Voorafgaand aan de vaststelling dat de functie is vervallen in combinatie met het krijgen van de status van verplichte VWNW-kandidaat, moet zorgvuldig onderzocht zijn of de medewerker niet in aanmerking gebracht kan worden voor een passende functie. Hierbij moet de eventuele belangstellingsregistratie van de medewerker en zijn kennis, kunde en ervaring en diens belangen meegewogen te worden. Is plaatsing in een passende functie niet mogelijk gebleken, dan krijgt de medewerker een brief met de bevestiging van de opheffing van zijn functie en de aanwijzing als verplicht VWNW-kandidaat.

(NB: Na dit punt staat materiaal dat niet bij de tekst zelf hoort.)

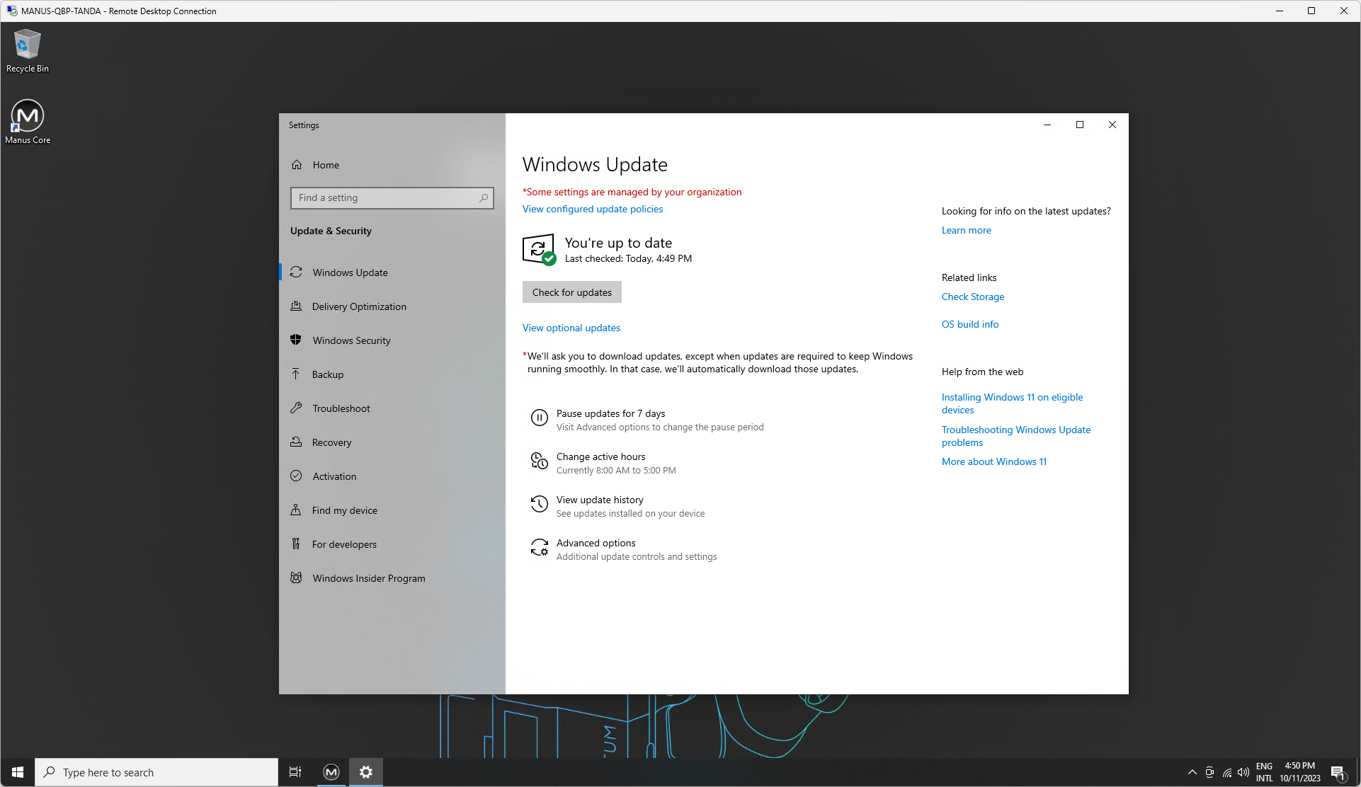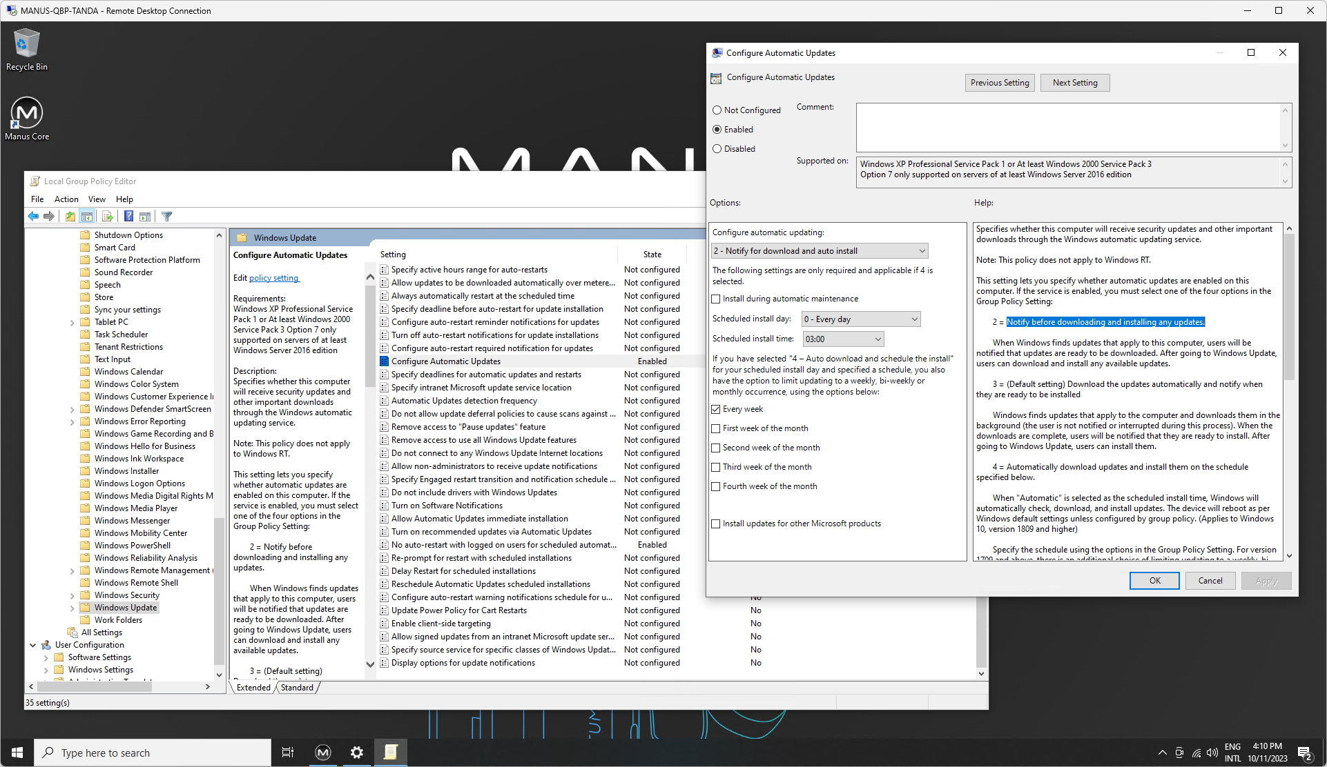 The Bodypack has been configured through Windows Group Policy to weekly check for available Windows Update:

Bij een aanbod voor een passende functie, moet de medewerker voldoende gelegenheid worden geboden zich te beraden over een voorstel tot wijziging van de arbeidsovereenkomst en –indien gewenst- daarover te spreken met de nieuwe leidinggevende. Ook moet de medewerker de gelegenheid krijgen om te reageren op het voorstel en om gemotiveerd aan te geven in welke onderdelen van het voorstel hij/zij zich al dan niet kan vinden. Deze reactie kan mogelijk soms leiden tot aanpassing van het voorstel tot wijziging van de arbeidsovereenkomst. Uiteindelijk moet de medewerker aangeven of hij/zij het voorstel aanvaardt of verwerpt. Van een medewerker mag worden verwacht dat hij/zij als goed werknemer een redelijk voorstel aanvaardt als dat van hem/haar gevergd kan worden.
Mogelijkheden tot bezwaar
Sinds de inwerkingtreding van de Wnra (Wet Normalisering rechtspositie ambtenaren) is de Algemene Wet Bestuursrecht (Awb) niet langer van toepassing. Dit betekent dat het nemen van eenzijdige besluiten en bezwaar en beroep tegen besluiten tot het verleden behoren. De rechtsbescherming is sinds 1 januari 2020 anders geregeld. Een medewerker kan zich (via het Rijksloket Advies en Bemiddeling Arbeidszaken (RABA)) wenden tot de CAO-geschillencommissie. In het uiterste geval kan een medewerker zich tot de kantonrechter wenden wanneer hij/zij van mening is dat de werkgever geen redelijk plaatsingsvoorstel heeft gedaan. Dit geldt in de meeste gevallen ook voor de ‘bedenkingenprocedure’ tegen voorgenomen plaatsingen en de bedenkingenadviescommissie. Heel soms komt het namelijk nog voor dat in het Personeelsreglement van een ministerie is bepaald dat een bedenkingenprocedure onderdeel uitmaakt van het plaatsingsproces.